La Consejería de Cultura de Castilla-La Mancha había puesto un rótulo polícromo y acristalado sustentado por una estructura de madera cruda, como las de antaño, pero que ahora llamaban ecológicas. En el panel informativo, situado junto a la puerta principal del santuario, podía leerse:
“Santuario del Beato Montago (s. XV-XVI)
El Barón de Montago, señor de los Airheads de Northumberland, según dice la leyenda y sostienen algunos historiadores, sin pruebas contrastadas hasta ahora, se estableció en este acogedor paraje en la segunda mitad del siglo XV, acompañado por sus más fieles adláteres que viajaron con él desde su Inglaterra natal. Vinieron, en un destierro voluntario, en pos del sosiego para sus mentes atormentadas por las guerras y en busca de alivio para unas conciencias escrupulosas.
Después de recorrer media Europa, el Barón se sintió subyugado por este enclave de la Serrezuela del Muedo y en él decidió establecer su definitiva y postrera morada.

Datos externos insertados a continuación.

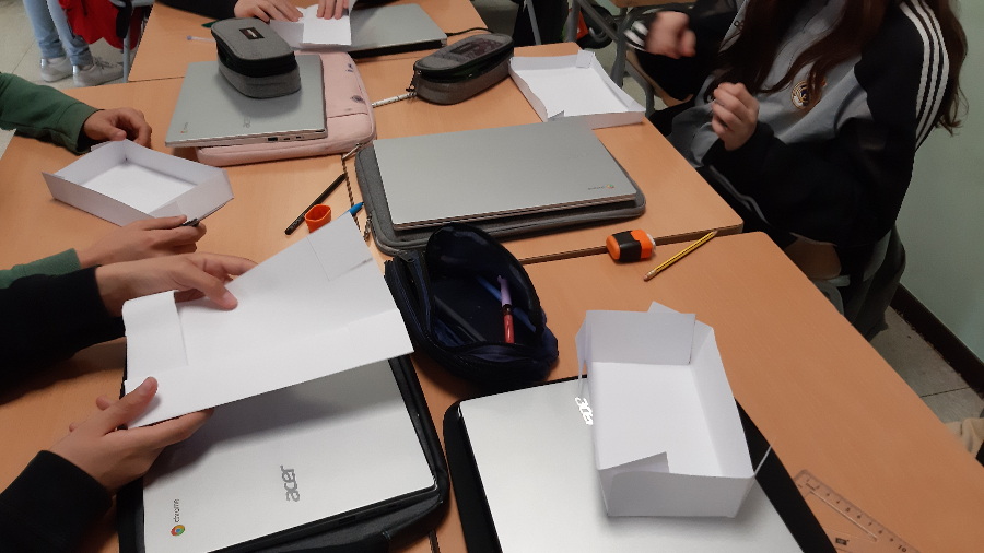 Ja estem arribant a l’equador del projecte cientificotecnològic. L’alumnat de 2n d’ESO encara el repte de crear una espelma de 100 cm3 el seu embolcall, i per això hem hagut d’estudiar diferents cossos geomètrics, el seu volum i la seva àrea. Com ho hem fet? tocant moltes matemàtiques! amb cubs multilink, comprovant el volum de la piràmide amb arròs i el de l’esfera amb aigua. També hem investigat què passa amb el volum d’una capsa cerada amb un mateix full de paper però de bases i alçades diferents.Ens endinsem en el món de la geometria 3D per explorar-lo a fons i treure’n tota la creativitat de cada grup. Tot plegat, Made by SiX!

Por la vida ejemplar que llevó, dedicada al estudio, el retiro y la oración, y por los portentos que se narran de las sus muchas e inexplicables curaciones de enfermos, fue este lugar centro de peregrinación durante años y vértice espiritual de la comarca. Por todo lo anterior, además de por el legado que hizo de sus posesiones, tierras y riquezas al obispado de Nogüenza, decidió la Iglesia, por edicto papal, concederle la beatitud y abrirle así el camino hacia la santidad en el año de 1671 por intercesión del obispo nogüentino Don Delicado Caifás Deogracias Forfree, a la sazón obispo titular.”
Continuaba el cartel informativo con explicaciones artísticas y unos planos de la planta gótica, con influencias evidentes del gótico de Lancaster, casi inéditas en la península, y con alguna nota más en la que mencionaba las distintas órdenes religiosas que habían habitado y mantenido el santuario hasta la Desamortización de Mendizábal. La tutela actual del sagrado lugar quedaba actualmente coparticipada entre las parroquias de Bloqueona y Tarudo, bajo la tutela natural del obispado de Nogüenza, titular de la herencia del Barón y albacea de todas las otras disposiciones que éste dejó en su testamento.

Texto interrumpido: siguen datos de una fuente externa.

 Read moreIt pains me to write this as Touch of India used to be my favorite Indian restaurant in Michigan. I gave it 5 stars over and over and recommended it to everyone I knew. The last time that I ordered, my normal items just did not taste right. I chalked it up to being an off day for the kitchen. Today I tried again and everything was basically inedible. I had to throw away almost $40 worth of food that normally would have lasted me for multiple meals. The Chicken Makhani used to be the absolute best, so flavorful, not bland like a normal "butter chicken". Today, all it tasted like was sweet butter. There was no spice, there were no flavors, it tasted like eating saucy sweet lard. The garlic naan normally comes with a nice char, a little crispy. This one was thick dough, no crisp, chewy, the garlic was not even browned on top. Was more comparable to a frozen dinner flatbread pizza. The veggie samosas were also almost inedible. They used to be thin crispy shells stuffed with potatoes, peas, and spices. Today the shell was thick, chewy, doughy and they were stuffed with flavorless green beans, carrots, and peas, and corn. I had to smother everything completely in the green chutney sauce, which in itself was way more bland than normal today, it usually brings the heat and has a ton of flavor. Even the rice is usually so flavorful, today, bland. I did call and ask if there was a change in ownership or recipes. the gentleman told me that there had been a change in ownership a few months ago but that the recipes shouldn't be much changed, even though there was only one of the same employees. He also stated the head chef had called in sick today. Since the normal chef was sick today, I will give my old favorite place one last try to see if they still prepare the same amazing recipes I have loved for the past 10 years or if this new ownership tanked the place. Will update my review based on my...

No tardaron en comprobar que el edificio estaba cerrado. En un cartel plastificado, pegado a la puerta, se anunciaba que el edificio se había vaciado de enseres, imágenes, cuadros y cualquier otro elemento de valor y que podía visitarse dirigiéndose al santero de Tarudo. Daba un teléfono fijo y otro móvil y dejaba constancia de que el donativo por la visita era de 2€ por persona.
Descubrieron que, adosada a un lateral del santuario y apoyada en la misma roca que éste, había una casa pequeña, de una planta, con una chimenea para la única habitación que contenía. Las cuatro paredes de la casa, excepto el espacio para la entrada y el hogar, estaban recorridas por un banco de obra de cuatro palmos de ancho sobre el que se podía dormir o descansar. La sólida puerta de metal no tenía cerradura, pero sí un cerrojo que permitía candarla por dentro. Sobre el hogar había cenizas y algún tarugo a medio consumir y, a su derecha, sobre la bancada, la madera apilada que a los últimos visitantes les había sobrado. Tenía sólo una ventana pequeña y con barrotes y la sólida puerta de metal. La ventana estaba a la derecha de la puerta y sólo se podía tener vista por ella subiéndose al banco. En el lado izquierdo del hogar una gran grieta, por la que cabía una persona, había sido dejada, sin duda ex profeso, para que quien lo deseara pudiera visitar la cueva a la que daba paso. Sin embargo, su ojo negro no invitaba mucho a exploraciones.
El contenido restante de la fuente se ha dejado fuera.